- Directed by: Walter Forde
- Written by: Roger MacDougall; Allan MacKinnon;
- Produced by: Michael Balcon
- Starring: Jimmy O'Dea
- Cinematography: Gordon Dines; Ronald Neame;
- Edited by: Ray Pitt
- Music by: Ernest Irving; Jack Beaver;
- Production company: Associated Talking Pictures
- Distributed by: Associated British
- Release date: March 1939;
- Running time: 83 minutes
- Country: United Kingdom
- Language: English
- Budget: £21,393

= Let's Be Famous =

Let's Be Famous is a 1939 British musical comedy film directed by Walter Forde and starring Jimmy O'Dea, Betty Driver and Sonnie Hale. It was written by Roger MacDougall and Allan MacKinnon.

==Plot==
Amateur singer and stage-struck shopkeeper Jimmy Houlihan travels to London to enter a BBC radio singing competition. It turns out, however, that he has been entered in a spelling bee.

==Cast==
- Jimmy O'Dea as Jimmy Houlihan
- Betty Driver as Betty Pinbright
- Sonnie Hale as Finch
- Patrick Barr as Johnny Blake
- Basil Radford as Watson
- Milton Rosmer as Albert Pinbright
- Lena Brown as Polly Pinbright
- Henry Hallett as Grenville
- Garry Marsh as BBC official
- Franklyn Bellamy as Ali Benali (as Franklin Bellamy)
- Hay Plumb as announcer
- Alf Goddard as Battling Bulger
- Raymond Huntley as singer in trio (uncredited)
- Jack Vyvyan as Alfie

==Production==
The film was made by Associated Talking Pictures, with shooting beginning in November 1938. The film's art direction was by the Austrian Oscar Werndorff, in his final production.

==Reception==
The Monthly Film Bulletin wrote: "With sprightly direction, Noel Gay's music, and the feeling that the actors are enjoying it all even more than the audience, this unpretentious film provides laughs from beginning to end. Jimmy O'Dea and Sonnie Hale make a good team and they are strongly supported by the rest of the cast."

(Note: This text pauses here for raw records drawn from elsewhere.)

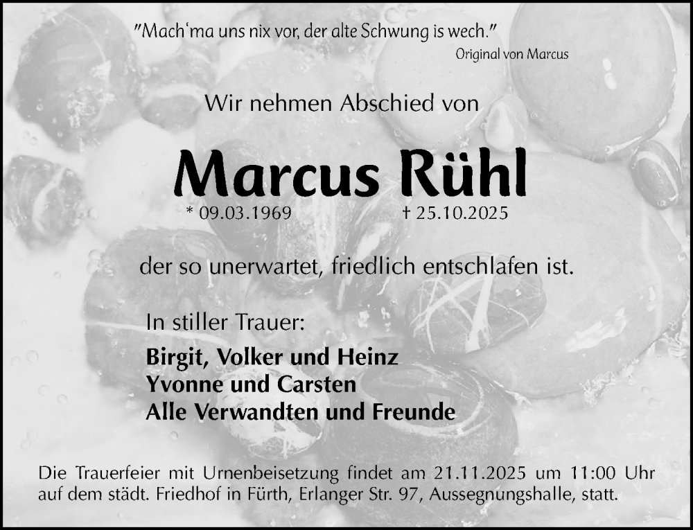 Hier finden Sie alle Traueranzeigen aus der Zeitung, die bisher für Marcus Rühl erschienen sind. Weitere Traueranzeigen, die in der Zeitung erscheinen, werden hier ebenfalls aufgelistet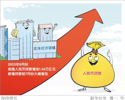 8月,企(事)业单位贷款增加9488亿元;8月末,我国社会融资规模存量同比增长9%,对实体经济发放的人民币贷款余额同比增长10.9%。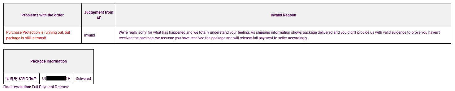 Valoración de Aliexpress: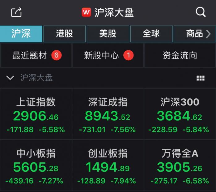 5月6日开盘,沪深指数双双低开。沪指低开100点直接击穿3000点,随后续走低,午后开盘更是跌破2900点,盘中最低更是达到了2876.47点。临近收盘,跌幅有所收窄,艰难守住2900点,但全天跌幅仍然达到了5.58%。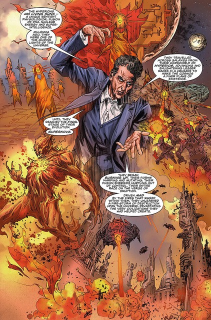 Pour rappel, est une série britannique de science-fiction créée par Sydney Newman et Donald Wilson et diffusée initialement de 1963 à 1989 sur BBC One. Elle raconte les aventures d'un extra-terrestre d'apparence humaine, le Docteur, qui voyage dans l'espace-temps à bord d'un vaisseau spatial, le TARDIS. Lorsque le Docteur est mortellement blessé, il peut survivre en se régénérant ; il change alors d'apparence et dans une certaine mesure, de personnalité. Après 26 saisons, la BBC annula la série à cause d'une baisse d'audience et d'intérêt du public. La seconde série, diffusée depuis 2005, correspond à une suite de la première série et compte déjà 10 nouvelles saisons, avec une diffusion dans de nombreux pays dont la France. Comme le titre l'indique, ce comics est quant à lui centré autour du Douzième Docteur, incarné à l'écran par Peter Capaldi. Ce comics débute alors que le Docteur vient juste de se régénérer et met donc à nouveau en scène Clara Oswald (Jenna Coleman) alias la fille impossible, comme compagne de route. Ce troisième volume débute par un mini-récit au cœur de l'Angleterre victorienne, où un alien isolé manipule les humains grâce aux ondes psychiques. Le retour à l'ère moderne se fera dans la douleur car le Tardis atterrit dans un Londres post-apocalyptique. Le Docteur se serait-il trompé de destination ? Eh bien non, mais le monde a beaucoup changé durant son absence. Clara est la première à le découvrir, cette dernière étant attaquée par un écorché, un humain qui a été brûlé par les flammes mais qui s'est relevé ensuite. Elle sera heureusement secouru par Sam le pompier (!), mais pas celui auquel on pensait. Le responsable de tous ces malheurs sur Terre ne sont autres que les Hyperions, une race de soleils vivants autrefois éclairée (spirituellement) et qui a apporté le progrès sur de nombreuses planètes. Mais après avoir atteint l'ultime stage de leur évolution, la Supernova, les aliens ont beaucoup changé et ont littéralement mis le feu à tout l'univers jusqu'à ce que les Seigneurs du Temps mettent fin à leur règne de terreur. La Terre risque d'être la prochaine victime, sauf si le Docteur parvient à contrer la menace ... avec un armement forcément venu d'ailleurs.

Kine Weekly wrote: "The Irish opening is a little protracted, but there is never a let-down in the laughter once the principal characters are brought together. The B.B.C. spelling bee sequences, the rehearsing of the parachute stunt, and the stunt itself, and the final touch of burlesque played out in a French broadcasting station, are funny enough to offset initial criticism. Song and musical embellishment generally are, incidentally, put over with pep and infectious virtuosity. In brief, a lively romp."

Picture Show wrote: "Bright entertainment is provided by Jimmy O'Dea, Betty Driver and Sonnie Hale in this comedy of an Irish villager who brags about his voice, and mistakes an invitation to join a spelling bee for one to sing at a concert for the B.B.C. This results in him having some comical adventures which conclude in a riotously funny broadcasting scene."